**YOUR ASSIGNMENT:** Print the data that follows again, keeping every line exact.

**GIVEN DATA:**
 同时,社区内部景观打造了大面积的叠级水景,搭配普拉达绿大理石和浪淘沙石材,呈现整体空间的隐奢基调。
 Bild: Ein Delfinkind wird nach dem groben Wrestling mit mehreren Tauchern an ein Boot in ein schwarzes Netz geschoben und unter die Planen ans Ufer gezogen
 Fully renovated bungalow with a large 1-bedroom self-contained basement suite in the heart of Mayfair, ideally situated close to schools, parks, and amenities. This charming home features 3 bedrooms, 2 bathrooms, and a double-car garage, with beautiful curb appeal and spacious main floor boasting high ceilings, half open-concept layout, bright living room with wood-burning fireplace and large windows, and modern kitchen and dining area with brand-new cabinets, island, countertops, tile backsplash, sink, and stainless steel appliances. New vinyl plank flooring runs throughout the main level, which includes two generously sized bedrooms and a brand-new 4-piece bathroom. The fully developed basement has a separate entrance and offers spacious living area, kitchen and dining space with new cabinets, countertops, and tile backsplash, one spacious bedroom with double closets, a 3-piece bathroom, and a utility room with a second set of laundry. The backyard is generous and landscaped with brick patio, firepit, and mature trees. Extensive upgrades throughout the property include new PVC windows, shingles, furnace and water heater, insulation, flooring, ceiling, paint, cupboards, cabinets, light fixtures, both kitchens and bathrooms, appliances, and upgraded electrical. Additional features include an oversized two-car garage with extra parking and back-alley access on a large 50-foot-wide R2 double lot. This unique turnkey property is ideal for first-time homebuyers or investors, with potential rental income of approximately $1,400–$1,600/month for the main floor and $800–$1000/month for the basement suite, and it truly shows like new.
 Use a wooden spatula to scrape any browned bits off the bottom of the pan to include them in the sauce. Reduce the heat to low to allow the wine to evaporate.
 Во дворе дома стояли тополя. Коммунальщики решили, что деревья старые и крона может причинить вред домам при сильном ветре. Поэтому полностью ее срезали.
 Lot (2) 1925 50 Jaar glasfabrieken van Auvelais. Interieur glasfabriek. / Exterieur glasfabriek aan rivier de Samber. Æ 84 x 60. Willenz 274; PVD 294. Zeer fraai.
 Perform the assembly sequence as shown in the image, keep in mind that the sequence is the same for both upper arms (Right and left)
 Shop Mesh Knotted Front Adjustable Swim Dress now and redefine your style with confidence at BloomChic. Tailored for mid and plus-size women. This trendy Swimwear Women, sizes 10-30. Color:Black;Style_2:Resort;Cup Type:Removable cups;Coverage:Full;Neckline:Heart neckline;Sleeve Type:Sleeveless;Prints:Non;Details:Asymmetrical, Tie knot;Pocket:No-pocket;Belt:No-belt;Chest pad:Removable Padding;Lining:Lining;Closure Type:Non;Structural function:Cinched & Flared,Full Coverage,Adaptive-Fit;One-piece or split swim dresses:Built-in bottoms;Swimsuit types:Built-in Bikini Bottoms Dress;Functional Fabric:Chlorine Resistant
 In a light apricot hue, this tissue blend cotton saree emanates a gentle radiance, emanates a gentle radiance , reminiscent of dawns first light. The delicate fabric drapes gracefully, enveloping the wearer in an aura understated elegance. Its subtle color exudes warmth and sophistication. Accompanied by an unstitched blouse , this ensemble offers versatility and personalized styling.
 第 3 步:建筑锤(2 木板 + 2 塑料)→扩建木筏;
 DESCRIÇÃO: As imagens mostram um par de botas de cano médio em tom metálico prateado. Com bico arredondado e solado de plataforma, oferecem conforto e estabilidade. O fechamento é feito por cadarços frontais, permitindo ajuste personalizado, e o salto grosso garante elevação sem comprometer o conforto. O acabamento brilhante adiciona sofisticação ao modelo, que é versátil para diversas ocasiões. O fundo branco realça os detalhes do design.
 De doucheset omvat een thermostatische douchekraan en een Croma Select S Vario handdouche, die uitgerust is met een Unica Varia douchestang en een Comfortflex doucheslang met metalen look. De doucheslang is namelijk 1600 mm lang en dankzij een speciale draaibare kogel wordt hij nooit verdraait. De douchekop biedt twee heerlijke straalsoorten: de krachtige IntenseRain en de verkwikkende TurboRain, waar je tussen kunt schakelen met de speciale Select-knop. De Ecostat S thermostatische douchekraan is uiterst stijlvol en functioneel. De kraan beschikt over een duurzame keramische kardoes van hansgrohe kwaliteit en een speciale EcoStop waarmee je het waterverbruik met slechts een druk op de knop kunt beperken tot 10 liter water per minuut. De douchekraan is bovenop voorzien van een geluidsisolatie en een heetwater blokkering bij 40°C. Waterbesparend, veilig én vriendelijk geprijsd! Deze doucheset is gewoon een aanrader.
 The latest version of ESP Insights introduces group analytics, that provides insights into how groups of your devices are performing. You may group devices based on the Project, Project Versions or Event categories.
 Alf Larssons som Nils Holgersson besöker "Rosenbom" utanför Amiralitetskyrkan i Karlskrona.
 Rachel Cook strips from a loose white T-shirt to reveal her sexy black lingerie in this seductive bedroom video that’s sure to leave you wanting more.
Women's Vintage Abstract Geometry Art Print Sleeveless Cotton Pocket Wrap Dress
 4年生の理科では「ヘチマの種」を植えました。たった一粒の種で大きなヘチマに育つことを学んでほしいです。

**YOUR SOLUTION:**
 同时,社区内部景观打造了大面积的叠级水景,搭配普拉达绿大理石和浪淘沙石材,呈现整体空间的隐奢基调。
 Bild: Ein Delfinkind wird nach dem groben Wrestling mit mehreren Tauchern an ein Boot in ein schwarzes Netz geschoben und unter die Planen ans Ufer gezogen
 Fully renovated bungalow with a large 1-bedroom self-contained basement suite in the heart of Mayfair, ideally situated close to schools, parks, and amenities. This charming home features 3 bedrooms, 2 bathrooms, and a double-car garage, with beautiful curb appeal and spacious main floor boasting high ceilings, half open-concept layout, bright living room with wood-burning fireplace and large windows, and modern kitchen and dining area with brand-new cabinets, island, countertops, tile backsplash, sink, and stainless steel appliances. New vinyl plank flooring runs throughout the main level, which includes two generously sized bedrooms and a brand-new 4-piece bathroom. The fully developed basement has a separate entrance and offers spacious living area, kitchen and dining space with new cabinets, countertops, and tile backsplash, one spacious bedroom with double closets, a 3-piece bathroom, and a utility room with a second set of laundry. The backyard is generous and landscaped with brick patio, firepit, and mature trees. Extensive upgrades throughout the property include new PVC windows, shingles, furnace and water heater, insulation, flooring, ceiling, paint, cupboards, cabinets, light fixtures, both kitchens and bathrooms, appliances, and upgraded electrical. Additional features include an oversized two-car garage with extra parking and back-alley access on a large 50-foot-wide R2 double lot. This unique turnkey property is ideal for first-time homebuyers or investors, with potential rental income of approximately $1,400–$1,600/month for the main floor and $800–$1000/month for the basement suite, and it truly shows like new.
 Use a wooden spatula to scrape any browned bits off the bottom of the pan to include them in the sauce. Reduce the heat to low to allow the wine to evaporate.
 Во дворе дома стояли тополя. Коммунальщики решили, что деревья старые и крона может причинить вред домам при сильном ветре. Поэтому полностью ее срезали.
 Lot (2) 1925 50 Jaar glasfabrieken van Auvelais. Interieur glasfabriek. / Exterieur glasfabriek aan rivier de Samber. Æ 84 x 60. Willenz 274; PVD 294. Zeer fraai.
 Perform the assembly sequence as shown in the image, keep in mind that the sequence is the same for both upper arms (Right and left)
 Shop Mesh Knotted Front Adjustable Swim Dress now and redefine your style with confidence at BloomChic. Tailored for mid and plus-size women. This trendy Swimwear Women, sizes 10-30. Color:Black;Style_2:Resort;Cup Type:Removable cups;Coverage:Full;Neckline:Heart neckline;Sleeve Type:Sleeveless;Prints:Non;Details:Asymmetrical, Tie knot;Pocket:No-pocket;Belt:No-belt;Chest pad:Removable Padding;Lining:Lining;Closure Type:Non;Structural function:Cinched & Flared,Full Coverage,Adaptive-Fit;One-piece or split swim dresses:Built-in bottoms;Swimsuit types:Built-in Bikini Bottoms Dress;Functional Fabric:Chlorine Resistant
 In a light apricot hue, this tissue blend cotton saree emanates a gentle radiance, emanates a gentle radiance , reminiscent of dawns first light. The delicate fabric drapes gracefully, enveloping the wearer in an aura understated elegance. Its subtle color exudes warmth and sophistication. Accompanied by an unstitched blouse , this ensemble offers versatility and personalized styling.
 第 3 步:建筑锤(2 木板 + 2 塑料)→扩建木筏;
 DESCRIÇÃO: As imagens mostram um par de botas de cano médio em tom metálico prateado. Com bico arredondado e solado de plataforma, oferecem conforto e estabilidade. O fechamento é feito por cadarços frontais, permitindo ajuste personalizado, e o salto grosso garante elevação sem comprometer o conforto. O acabamento brilhante adiciona sofisticação ao modelo, que é versátil para diversas ocasiões. O fundo branco realça os detalhes do design.
 De doucheset omvat een thermostatische douchekraan en een Croma Select S Vario handdouche, die uitgerust is met een Unica Varia douchestang en een Comfortflex doucheslang met metalen look. De doucheslang is namelijk 1600 mm lang en dankzij een speciale draaibare kogel wordt hij nooit verdraait. De douchekop biedt twee heerlijke straalsoorten: de krachtige IntenseRain en de verkwikkende TurboRain, waar je tussen kunt schakelen met de speciale Select-knop. De Ecostat S thermostatische douchekraan is uiterst stijlvol en functioneel. De kraan beschikt over een duurzame keramische kardoes van hansgrohe kwaliteit en een speciale EcoStop waarmee je het waterverbruik met slechts een druk op de knop kunt beperken tot 10 liter water per minuut. De douchekraan is bovenop voorzien van een geluidsisolatie en een heetwater blokkering bij 40°C. Waterbesparend, veilig én vriendelijk geprijsd! Deze doucheset is gewoon een aanrader.
 The latest version of ESP Insights introduces group analytics, that provides insights into how groups of your devices are performing. You may group devices based on the Project, Project Versions or Event categories.
 Alf Larssons som Nils Holgersson besöker "Rosenbom" utanför Amiralitetskyrkan i Karlskrona.
 Rachel Cook strips from a loose white T-shirt to reveal her sexy black lingerie in this seductive bedroom video that’s sure to leave you wanting more.
Women's Vintage Abstract Geometry Art Print Sleeveless Cotton Pocket Wrap Dress
 4年生の理科では「ヘチマの種」を植えました。たった一粒の種で大きなヘチマに育つことを学んでほしいです。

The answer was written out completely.